PROVIDED DATA
##########

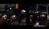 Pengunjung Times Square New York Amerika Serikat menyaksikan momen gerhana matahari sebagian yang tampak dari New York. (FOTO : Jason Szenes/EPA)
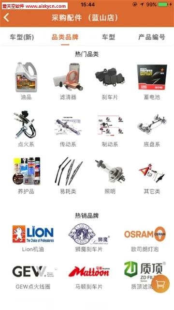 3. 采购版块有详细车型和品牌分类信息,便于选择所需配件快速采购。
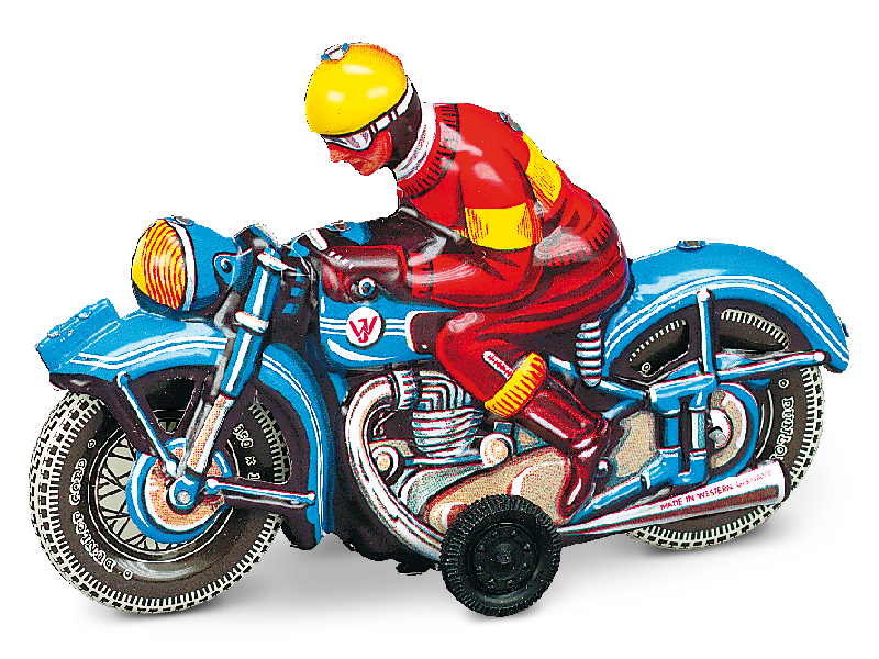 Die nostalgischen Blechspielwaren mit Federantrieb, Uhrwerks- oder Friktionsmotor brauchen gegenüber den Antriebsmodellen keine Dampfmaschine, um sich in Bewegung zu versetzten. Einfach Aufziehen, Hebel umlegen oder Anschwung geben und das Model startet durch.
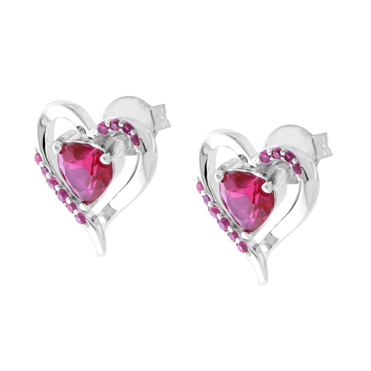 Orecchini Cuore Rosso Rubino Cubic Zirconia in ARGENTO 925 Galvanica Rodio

##########

Exclude the pictures and print the rest of the data exactly.

 Pengunjung Times Square New York Amerika Serikat menyaksikan momen gerhana matahari sebagian yang tampak dari New York. (FOTO : Jason Szenes/EPA)
 3. 采购版块有详细车型和品牌分类信息,便于选择所需配件快速采购。
 Die nostalgischen Blechspielwaren mit Federantrieb, Uhrwerks- oder Friktionsmotor brauchen gegenüber den Antriebsmodellen keine Dampfmaschine, um sich in Bewegung zu versetzten. Einfach Aufziehen, Hebel umlegen oder Anschwung geben und das Model startet durch.
 Orecchini Cuore Rosso Rubino Cubic Zirconia in ARGENTO 925 Galvanica Rodio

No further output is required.